Encouraging Signs of Economic Growth from Leading Indicators
Summary
Except for "tail risks", those with a low probability, like failure to raise the debt ceiling, the economic fundamentals appear to be on the mend. The OECD calculates composite leading indicators (CLIs) for 39 countries*. Its CLIs [...]
Except for "tail risks", those with a low probability, like failure to raise the debt ceiling, the economic fundamentals appear to be on the mend. The OECD calculates composite leading indicators (CLIs) for 39 countries*. Its CLIs have proved to be reliable predictors of the course of economic activity. The latest data for November, 2012 were released today and can be found in the Haver database, OECDMEI. On balance, the data are encouraging. The CLIs in twenty-one countries are rising. They are falling in 13 countries and are essentially unchanged in five.

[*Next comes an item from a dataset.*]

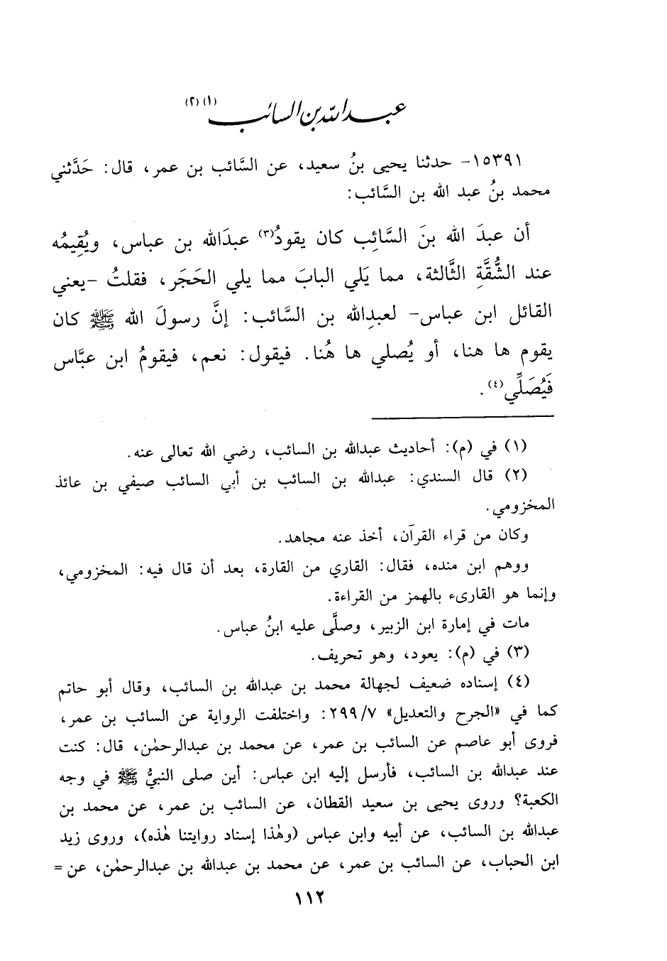 ١٥٣٩١ - حَدَّثَنَا يَحْيَى بْنُ سَعِيدٍ، عَنِ السَّائِبِ بْنِ عُمَرَ، قَالَ: حَدَّثَنِي مُحَمَّدُ بْنُ عَبْدِ اللهِ بْنِ السَّائِبِ، أَنَّ عَبْدَ اللهِ بْنَ السَّائِبِ، كَانَ يَقُودُ (٣) عَبْدَ اللهِ بْنَ عَبَّاسٍ وَيُقِيمُهُ عِنْدَ الشِّقَّةِ الثَّالِثَةِ مِمَّا يَلِي الْبَابَ، مِمَّا يَلِي الْحَجَرَ، فَقُلْتُ: يَعْنِي الْقَائِلُ ابْنُ عَبَّاسٍ لِعَبْدِ اللهِ بْنِ السَّائِبِ: " إِنَّ رَسُولَ اللهِ صَلَّى اللهُ عَلَيْهِ وَسَلَّمَ كَانَ يَقُومُ هَاهُنَا أَوْ يُصَلِّي هَاهُنَا "؟ فَيَقُولُ: نَعَمْ، فَيَقُومُ ابْنُ عَبَّاسٍ فَيُصَلِّي (٤)

Some of biggest increases in the CLIs are found in the peripheral countries of the Euro Area--Spain, Portugal, Ireland and Greece--as can be seen in the first chart. Even the CLIs of the large countries of the Euro Area--Germany, France and Italy--are remaining steady or rising slightly. In contrast to the big Euro Area countries, the CLI for the U.K. is up sharply, as shown in the second chart. The economies of the Eastern European countries are still depressed and their CLIs continue to fall, as shown in the third chart. Finally, in the fourth chart, we show the CLIs for China, India, Australia, Canada and Mexico. The CLI for Mexico has taken a tumble while those for Australia and Canada have fallen slightly and those for China and India are up sharply.
* There are 40 countries in the OECDMEI data base, but not all the countries have all the component data. Iceland, for example, does not have the composite leading indicators.